Personal information
- Full name: Robert Ismael Ergas Moreno
- Date of birth: 15 January 1998 (age 28)
- Place of birth: Montevideo, Uruguay
- Height: 1.81 m (5 ft 11 in)
- Positions: Left-back; left winger;

Youth career
- Club América
- CA Alumni
- 2010–2017: Defensor Sporting

Senior career*
- Years: Team / Apps / (Gls)
- 2017–2023: Defensor Sporting / 7 / (0)
- 2018: → Boston River (loan) / 12 / (2)
- 2019–2020: → Albacete B (loan) / 10 / (0)
- 2019–2020: → Albacete (loan) / 1 / (0)
- 2020: → Rentistas (loan) / 14 / (0)
- 2020–2021: → Olimpia (loan) / 5 / (0)
- 2022: → Cerro Largo (loan) / 29 / (0)
- 2023–2025: UNAM / 67 / (1)
- 2025–2026: Aris Limassol / 4 / (0)

International career
- 2014–2015: Uruguay U17 / 17 / (2)
- 2015: Uruguay U18 / 1 / (0)
- 2016: Uruguay U20 / 3 / (0)

= Robert Ergas =

Uruguayan footballer (born 1998)

Robert Ismael Ergas Moreno (born 15 January 1998) is an Uruguayan professional footballer who plays as either a left-back or a left winger.

==Club career==
Born in Montevideo, Ergas joined Defensor Sporting's youth setup at the age of 12, after representing Club América de Baby Fútbol and Club Atlético Alumni. In April 2015, he went on a trial at Manchester United, but nothing came of it as Defensor refused an offer from the Red Devils; subsequently, he spent almost a year sidelined due to a knee injury.
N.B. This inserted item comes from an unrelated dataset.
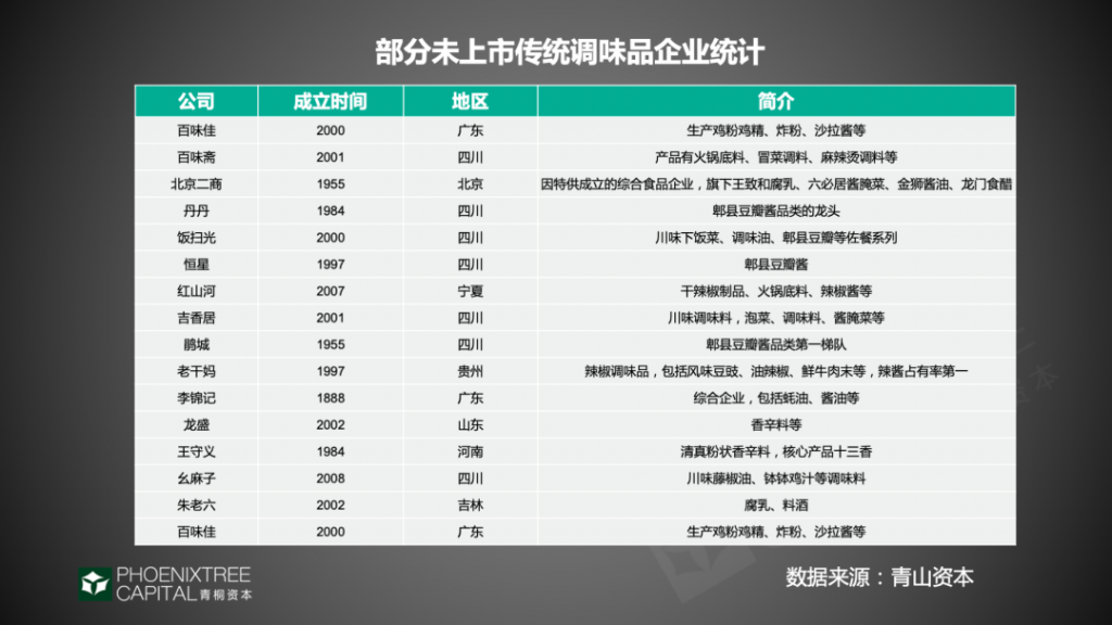 其中,未上市傳統(tǒng)調(diào)味品企業(yè)也是賽道重要玩家,主要呈現(xiàn)2大特點(diǎn):1)普遍體量大,已成為細(xì)分品類的頭部。來自公司官方數(shù)據(jù),辣椒醬龍頭老干媽,2019年銷售收入破50億元,同比上漲14.43%;香辛料龍頭王守義,2019年?duì)I收超30億元。2)品類上,川貴地區(qū)的辣椒調(diào)味品居多,如老干媽、百味齋、丹丹、飯掃光、恒星等。由于良好的現(xiàn)金流,經(jīng)營理念偏傳統(tǒng),這類企業(yè)融資需求往往并不強(qiáng)烈。

Ergas made his first team – and Primera División – debut on 5 February 2017, coming on as a late substitute for Matías Cabrera in a 1–0 home win against Rampla Juniors. For the 2018 season, he was loaned to fellow top-tier side Boston River.

Upon returning, Ergas was included in the main squad, but appeared sparingly. On 6 August 2019, he moved abroad after agreeing to a one-year loan deal with Segunda División side Albacete Balompié.

After mainly appearing for Alba's reserve team, Ergas returned to Uruguay and joined C.A. Rentistas on loan. On 23 October 2020, Ergas joined Paraguayan club Club Olimpia on loan until 31 December 2021 with an buying option.